§ **EXERCISE**:
Print the listing below again, exactly. Skip the pictures.

(DATASET EXTRACT Opens)

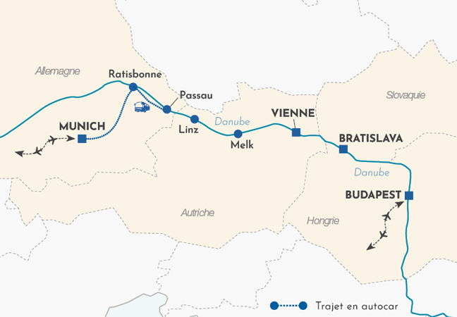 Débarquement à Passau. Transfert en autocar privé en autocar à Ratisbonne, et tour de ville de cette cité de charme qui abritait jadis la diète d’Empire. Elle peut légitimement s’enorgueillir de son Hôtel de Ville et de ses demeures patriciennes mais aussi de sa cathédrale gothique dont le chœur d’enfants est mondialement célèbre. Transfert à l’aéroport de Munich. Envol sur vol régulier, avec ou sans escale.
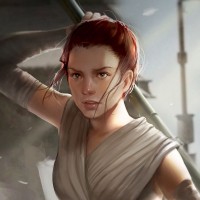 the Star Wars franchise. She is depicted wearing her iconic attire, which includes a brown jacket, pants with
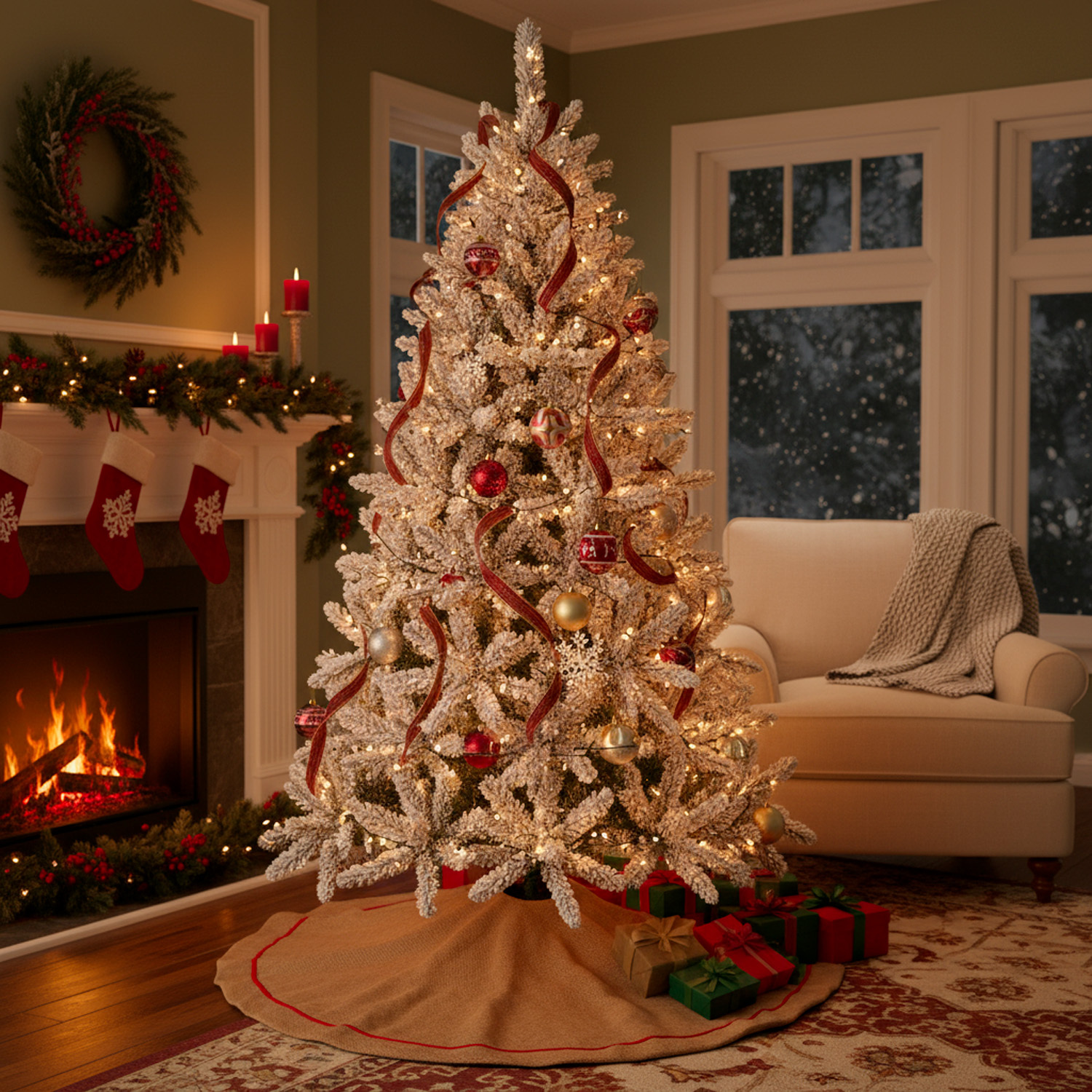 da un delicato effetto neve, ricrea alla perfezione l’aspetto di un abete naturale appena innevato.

(DATASET EXTRACT Closes)

§ **SOLUTION FOR THIS PROBLEM**:
 Débarquement à Passau. Transfert en autocar privé en autocar à Ratisbonne, et tour de ville de cette cité de charme qui abritait jadis la diète d’Empire. Elle peut légitimement s’enorgueillir de son Hôtel de Ville et de ses demeures patriciennes mais aussi de sa cathédrale gothique dont le chœur d’enfants est mondialement célèbre. Transfert à l’aéroport de Munich. Envol sur vol régulier, avec ou sans escale.
 the Star Wars franchise. She is depicted wearing her iconic attire, which includes a brown jacket, pants with
 da un delicato effetto neve, ricrea alla perfezione l’aspetto di un abete naturale appena innevato.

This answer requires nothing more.